Get the Embedding for Each Residues

ESM (like many transformer-based models) uses “special tokens” plus padding so that all sequences in a batch have the same length. Specifically:

  1. Start and End Tokens: For any single sequence of length ( n ), the ESM model prepends a start token and appends an end token. That gives you ( n + 2 ) positions for a single sequence.

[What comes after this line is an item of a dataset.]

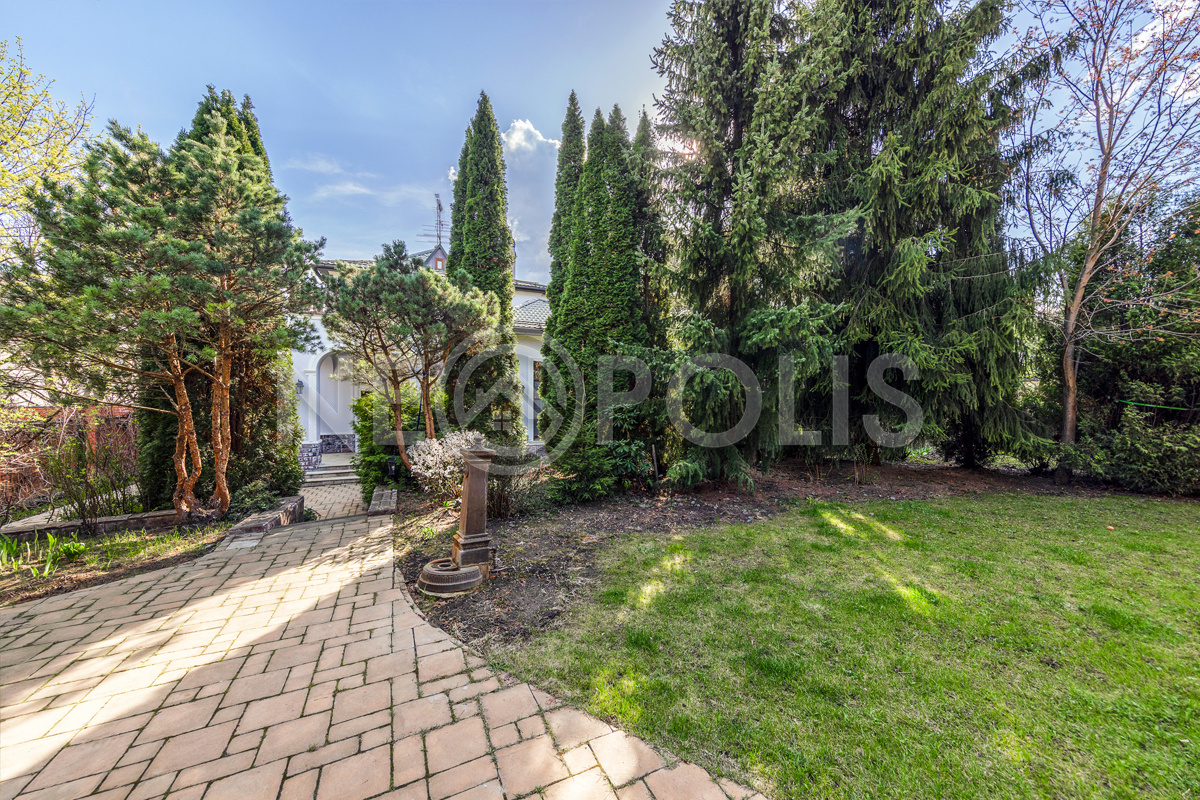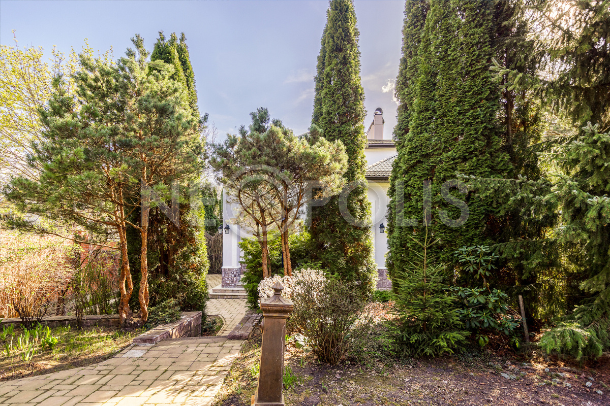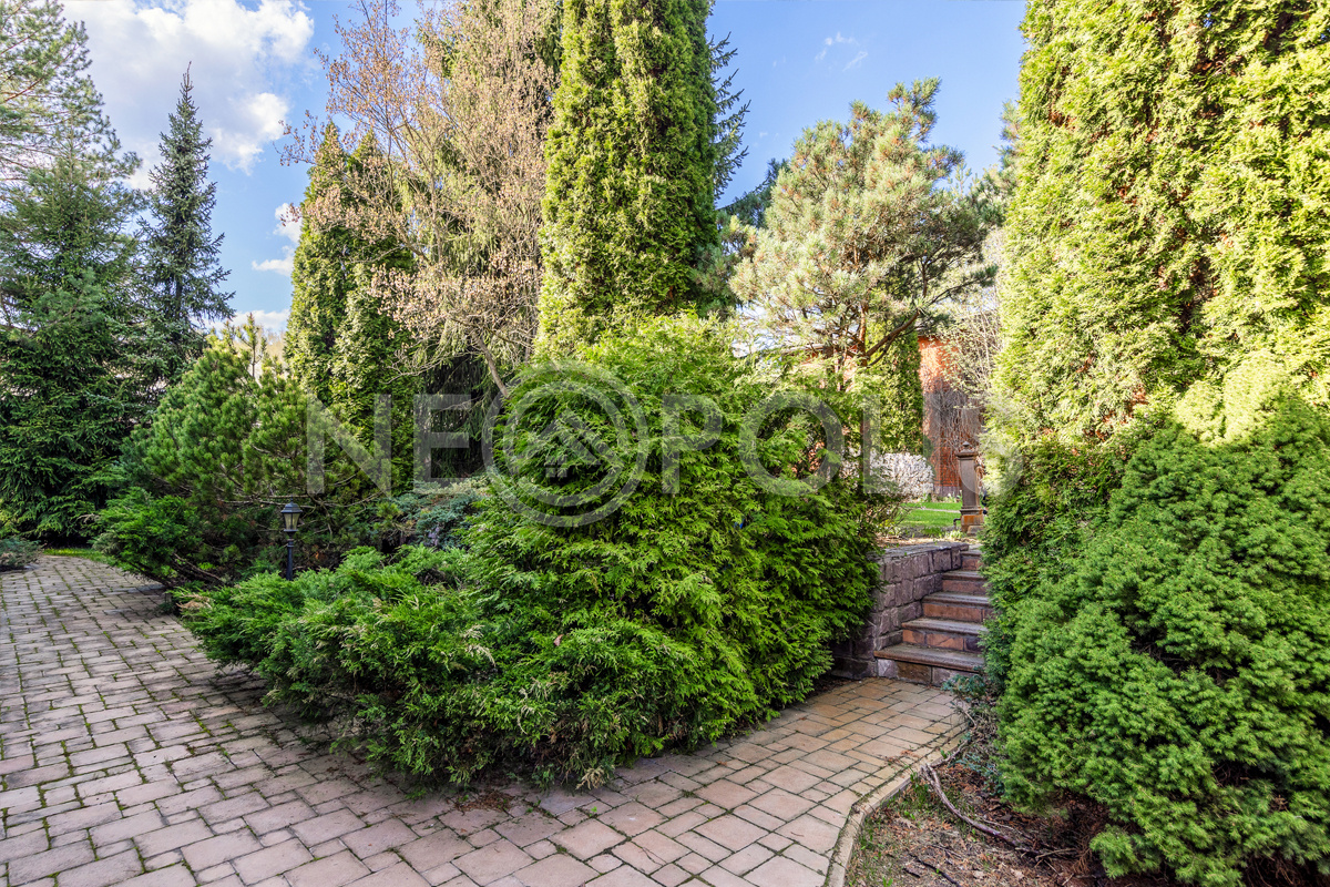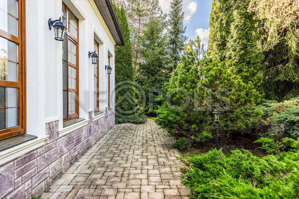 Дорожки на участке вымощены брусчаткой, смонтировано уличное освещение, установлена система "умного полива" с датчиками влажности (можно управлять через приложение).

  2. Batch Processing Requires Padding: When you process multiple sequences in a single batch, they all get padded (on the right) to match the length of the longest sequence in the batch. So if the longest sequence has ( n ) residues, all sequences become length ( n + 2 ) (including the special tokens), and shorter sequences get padding tokens to fill in the gap.

Hence, whether a sequence originally has ( k ) residues or ( m ) residues, in a batch whose longest sequence is ( n ) residues, everyone ends up with a vector length of ( n + 2 ). This ensures the entire input tensor in the batch has a uniform shape.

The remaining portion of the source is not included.